▶ [EXERCISE PROMPT]: Give the data below again exactly as written, but without the pictures.

[Items from a data source]
§ §
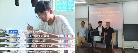 胡宇華來自貴州省畢節(jié)市大方縣,是我院2020級化學(xué)工程與工藝專業(yè)新生,他刻苦努力,自強不息的求學(xué)之路,經(jīng)央視財經(jīng)頻道《經(jīng)濟半小時》欄目報道后,得到社會各界的廣泛關(guān)注。學(xué)校通過媒體立即聯(lián)系學(xué)生本人,并啟動相關(guān)資助程序;校領(lǐng)導(dǎo)在學(xué)生處的各位領(lǐng)導(dǎo)的陪同下也在報名當(dāng)天看望了胡宇華同學(xué)及其母親,并為其送去了免費被褥用品領(lǐng)取券,減輕了生活上的負擔(dān)。學(xué)院黨委了解到情況后,及時與胡宇華同學(xué)取得聯(lián)系,安排輔導(dǎo)員專門與學(xué)生具體溝通并給給予相關(guān)幫助。同時,榮獲了陜西省2020年高等教育師德建設(shè)示范團隊稱號的化學(xué)工程系黨支部主動匯報學(xué)院黨委,擬啟動支部與胡宇華同學(xué)的對口助學(xué)幫扶活動,希望通過化工系教工黨支部的力量,給予該同學(xué)大學(xué)四年期間學(xué)業(yè)生活持續(xù)幫扶,使其在學(xué)業(yè)上能取得更大的成就,以此來回報父母、回報社會。
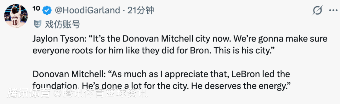 谈及如何评价詹姆斯对这座城市以及这支球队的影响,泰森先过来打岔:“这么说吧,现在这里是属于米切尔的城市了。但等他(勒布朗)再次回到这里,我们依然会像以往一样,为他留出足够的尊重与空间,就像球迷们一直做的那样。这就是这座城市的样子。”
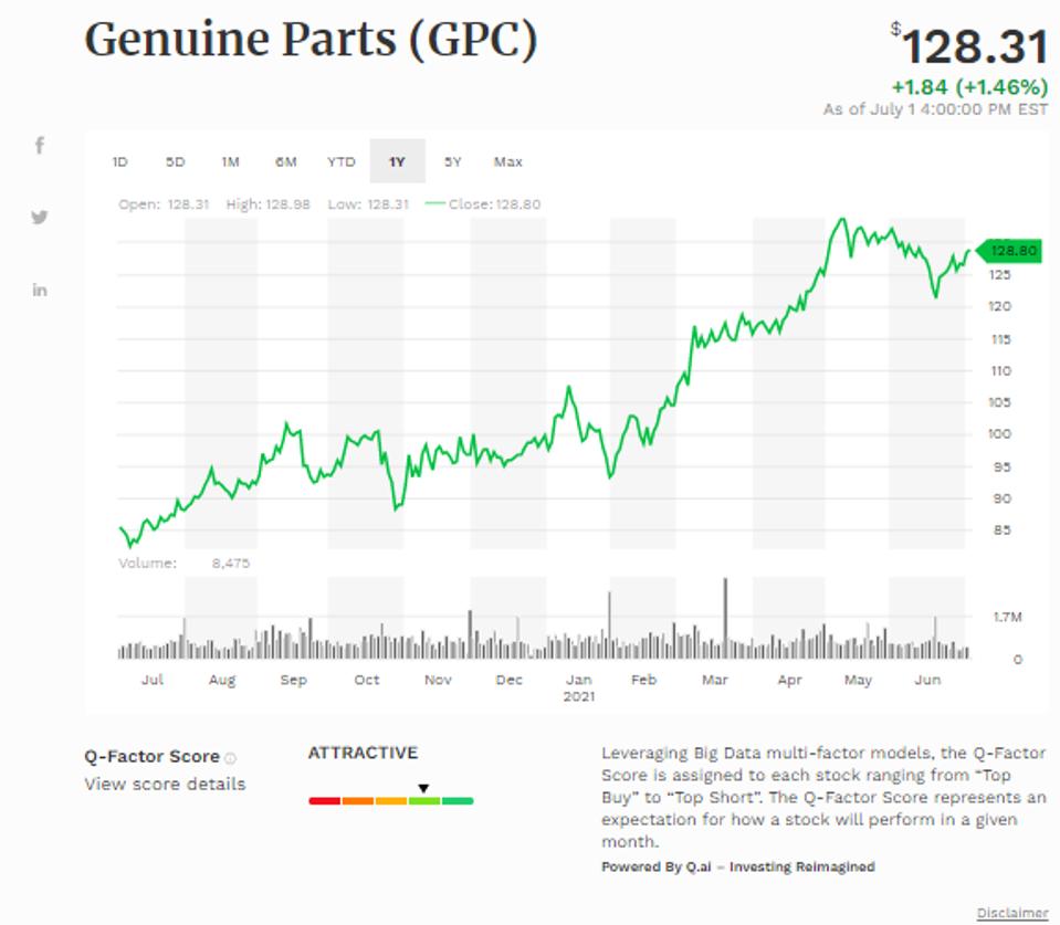 Genuine Parts Co is our next Top Buy. Genuine Parts Co engages in the distribution of automotive replacement parts, industrial replacement parts, office products and electrical/electronic materials. Our AI systems rated the company C in Technicals, C in Growth, A in Low Volatility Momentum, and C in Quality Value. The stock closed up 1.45% to $128.31 on volume of 506,314 vs its 10-day price average of $125.66 and its 22-day price average of $126.94, and is up 30.34% for the year. Revenue grew by 2.25% in the last fiscal year and grew by 0.46% over the last three fiscal years, Operating Income grew by 9.85% in the last fiscal year and grew by 3.69% over the last three fiscal years, and EPS grew by -285.68% in the last fiscal year. Revenue was $16537.43M in the last fiscal year compared to $16831.6M three years ago, Operating Income was $1001.76M in the last fiscal year compared to $1061.22M three years ago, EPS was $(0.2) in the last fiscal year compared to $5.5 three years ago, and ROE was 4.73% in the last year compared to 21.61% three years ago. Forward 12M Revenue is expected to grow by 0.77% over the next 12 months, and the stock is trading with a Forward 12M P/E of 21.34.
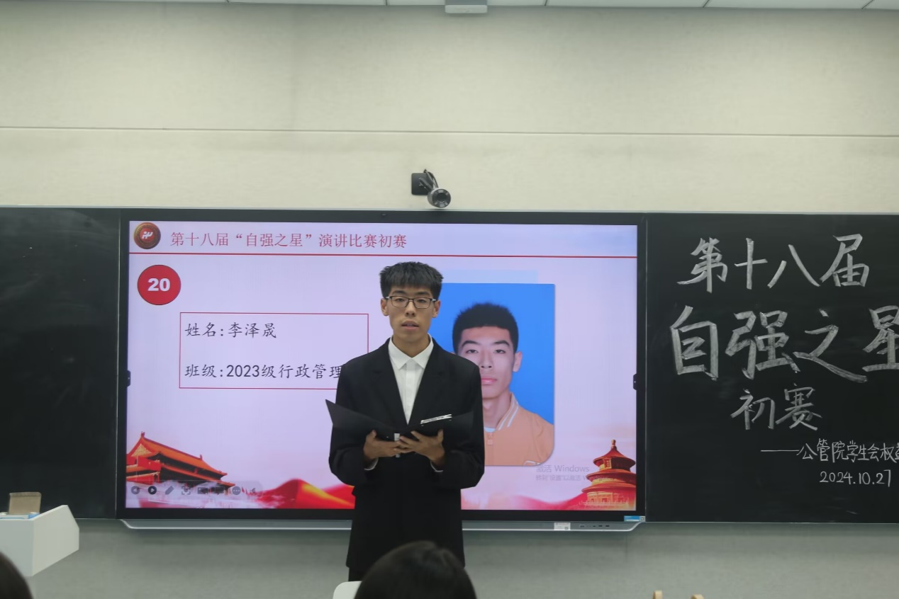 (通讯员:王亚妮思 谭景月 席子坤)为提高同学们的语言表达能力,弘扬自强不息、笃行致远的精神,10月27日晚,9999js金沙老品牌(以下简称“公管院”)学生会权益维护部在景德楼中栋209教室举办第十八届“自强之星”演讲比赛初赛。此次演讲比赛的评委有公管院23级辅导员兰绍娴、21级辩论队队长李青筱、学生会主席团成员王乐怡。
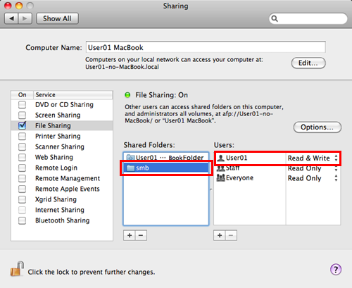 Click [Options], and select the [Share files and folders using SMB (Windows)]. Then, select the log-in user name (displayed name) check box.
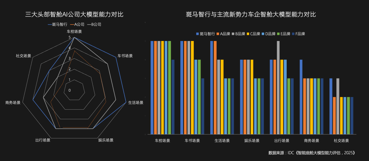 斑马智行智能座舱AI大模型能力处于行业第一阵营。国际调研机构IDC针对中国主流的3家智舱AI公司及6家头部新能源车企进行多维评测,斑马智行在7大场景中以3项满分、总分第一成绩领先。
§ §
▶ [ANSWER SPACE]:
 胡宇華來自貴州省畢節(jié)市大方縣,是我院2020級化學(xué)工程與工藝專業(yè)新生,他刻苦努力,自強不息的求學(xué)之路,經(jīng)央視財經(jīng)頻道《經(jīng)濟半小時》欄目報道后,得到社會各界的廣泛關(guān)注。學(xué)校通過媒體立即聯(lián)系學(xué)生本人,并啟動相關(guān)資助程序;校領(lǐng)導(dǎo)在學(xué)生處的各位領(lǐng)導(dǎo)的陪同下也在報名當(dāng)天看望了胡宇華同學(xué)及其母親,并為其送去了免費被褥用品領(lǐng)取券,減輕了生活上的負擔(dān)。學(xué)院黨委了解到情況后,及時與胡宇華同學(xué)取得聯(lián)系,安排輔導(dǎo)員專門與學(xué)生具體溝通并給給予相關(guān)幫助。同時,榮獲了陜西省2020年高等教育師德建設(shè)示范團隊稱號的化學(xué)工程系黨支部主動匯報學(xué)院黨委,擬啟動支部與胡宇華同學(xué)的對口助學(xué)幫扶活動,希望通過化工系教工黨支部的力量,給予該同學(xué)大學(xué)四年期間學(xué)業(yè)生活持續(xù)幫扶,使其在學(xué)業(yè)上能取得更大的成就,以此來回報父母、回報社會。
 谈及如何评价詹姆斯对这座城市以及这支球队的影响,泰森先过来打岔:“这么说吧,现在这里是属于米切尔的城市了。但等他(勒布朗)再次回到这里,我们依然会像以往一样,为他留出足够的尊重与空间,就像球迷们一直做的那样。这就是这座城市的样子。”
 Genuine Parts Co is our next Top Buy. Genuine Parts Co engages in the distribution of automotive replacement parts, industrial replacement parts, office products and electrical/electronic materials. Our AI systems rated the company C in Technicals, C in Growth, A in Low Volatility Momentum, and C in Quality Value. The stock closed up 1.45% to $128.31 on volume of 506,314 vs its 10-day price average of $125.66 and its 22-day price average of $126.94, and is up 30.34% for the year. Revenue grew by 2.25% in the last fiscal year and grew by 0.46% over the last three fiscal years, Operating Income grew by 9.85% in the last fiscal year and grew by 3.69% over the last three fiscal years, and EPS grew by -285.68% in the last fiscal year. Revenue was $16537.43M in the last fiscal year compared to $16831.6M three years ago, Operating Income was $1001.76M in the last fiscal year compared to $1061.22M three years ago, EPS was $(0.2) in the last fiscal year compared to $5.5 three years ago, and ROE was 4.73% in the last year compared to 21.61% three years ago. Forward 12M Revenue is expected to grow by 0.77% over the next 12 months, and the stock is trading with a Forward 12M P/E of 21.34.
 (通讯员:王亚妮思 谭景月 席子坤)为提高同学们的语言表达能力,弘扬自强不息、笃行致远的精神,10月27日晚,9999js金沙老品牌(以下简称“公管院”)学生会权益维护部在景德楼中栋209教室举办第十八届“自强之星”演讲比赛初赛。此次演讲比赛的评委有公管院23级辅导员兰绍娴、21级辩论队队长李青筱、学生会主席团成员王乐怡。
 Click [Options], and select the [Share files and folders using SMB (Windows)]. Then, select the log-in user name (displayed name) check box.
 斑马智行智能座舱AI大模型能力处于行业第一阵营。国际调研机构IDC针对中国主流的3家智舱AI公司及6家头部新能源车企进行多维评测,斑马智行在7大场景中以3项满分、总分第一成绩领先。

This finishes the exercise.